Cas client : reportage photo touristique pour la Communauté de communes de la Plaine de l’Ain
Photographe et pilote de drone pour valoriser un territoire touristique en Auvergne-Rhône-Alpes : la Plaine de l’Ain

En 2024, la Communauté de communes de la Plaine de l’Ain (CCPA) m’a confié la réalisation de plusieurs reportages photo touristiques au sol et par drone afin d’enrichir sa photothèque et de mieux valoriser la diversité du territoire. L’objectif n’était pas seulement de produire de belles images, mais de constituer une banque visuelle cohérente, exploitable sur l’ensemble des supports de communication de la collectivité : site web, brochures, réseaux sociaux, éditions touristiques, presse et campagnes de promotion.
Ce type de mission demande une approche précise. Il faut savoir montrer un territoire dans toute sa variété, sans le figer dans une vision trop institutionnelle. Il faut révéler les paysages, les centres-villes, les sites patrimoniaux et les activités de pleine nature, tout en donnant à voir une expérience réelle, crédible, désirable. C’est exactement l’enjeu de ce projet mené sur 6 jours de reportage, entre Pérouges, les étangs de la Dombes, les panoramas du Bugey, la ViaRhôna, les cascades, les villages, les châteaux et les sites de loisirs outdoor.

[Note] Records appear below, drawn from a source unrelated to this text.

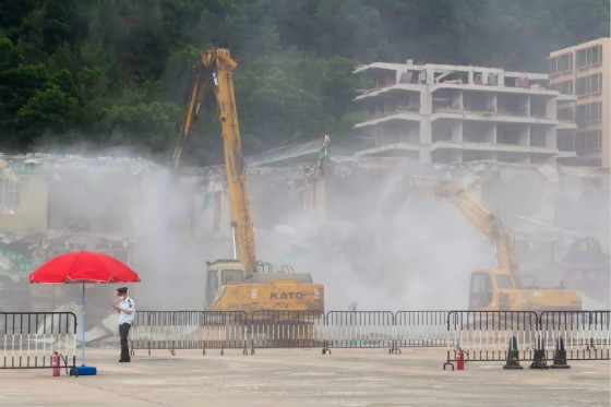 2017年7月26日,廣州舉行河涌違建專(zhuān)項(xiàng)整治現(xiàn)場(chǎng)觀摩會(huì),聯(lián)合工作人員對(duì)違章建筑進(jìn)行拆除。陳志剛 | 南方都市報(bào) | 視覺(jué)中國(guó)
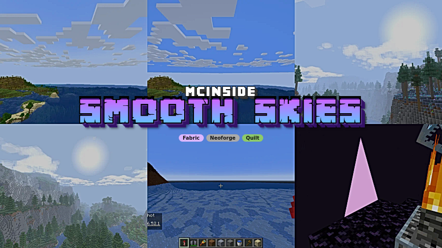 Smooth Skies Mod is a utility mod that smooths skybox and fog visuals for Minecraft on Fabric, NeoForge, and Quilt. It is designed to reduce harsh sky and fog issues at far render distances while adding several optional sky-related fixes.
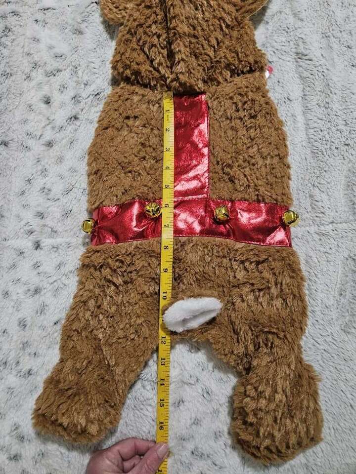 VenmoThis raindeer outfit is new with tags, size small. It has the velco around the neck and belly. The bells are real on the back. It will keep your little one warm this winter season. Please double check the measuments as this runs big. All my items comes from a smoke free home. Any questions please feel free to contact me. Dont forget to check out my other listings for more dog items. There are a bunch listed in different sizes :)
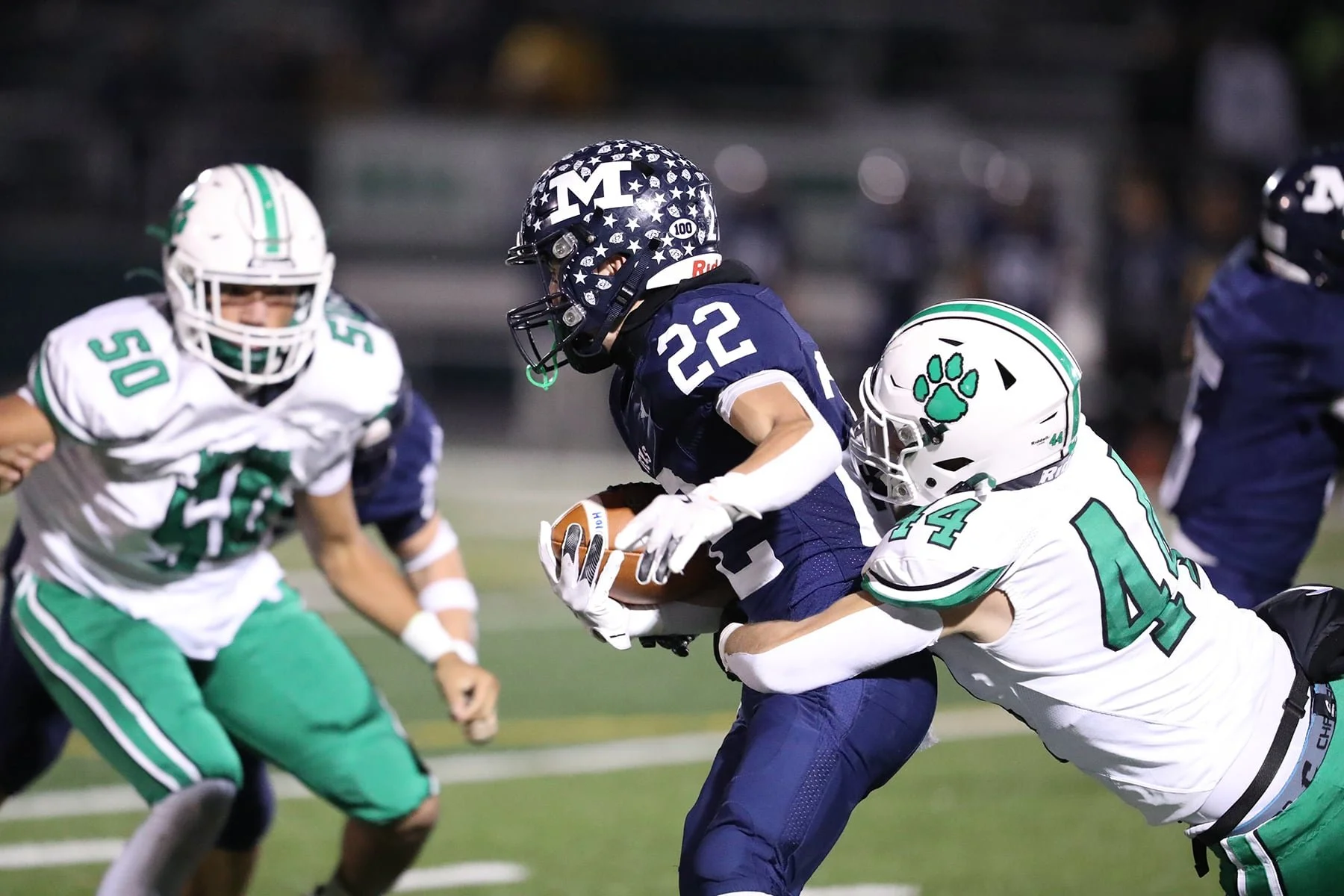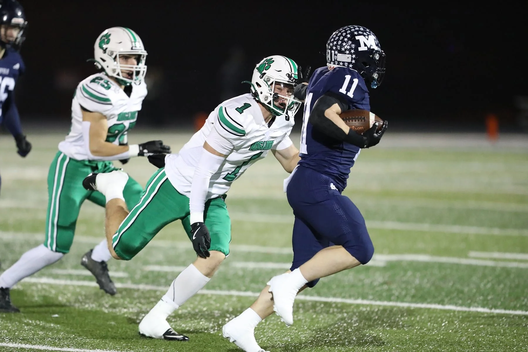 As they did all night, McDonald would answer the Mogadore score after Miller busted off a 36-yard touchdown on the first play of the 4th quarter. The PAT put the Blue Devils up 35-21.

Objectif : produire une série d’images premium capables de renforcer l’attractivité touristique de la Plaine de l’Ain, de nourrir sa communication dans la durée et de traduire, avec justesse, ce qui fait la richesse du territoire.




Un reportage photo sur 6 jours pour montrer la diversité réelle de la Plaine de l’Ain
Le territoire de la Plaine de l’Ain présente une richesse rare pour une communication touristique. On y trouve à la fois des paysages ouverts, des sites patrimoniaux majeurs, des villages de caractère, des espaces naturels sensibles et un large éventail d’activités de pleine nature. La difficulté n’était donc pas de trouver de beaux sujets, mais de réussir à construire une série d’images cohérente, capable de donner une vision claire, attractive et contemporaine du territoire.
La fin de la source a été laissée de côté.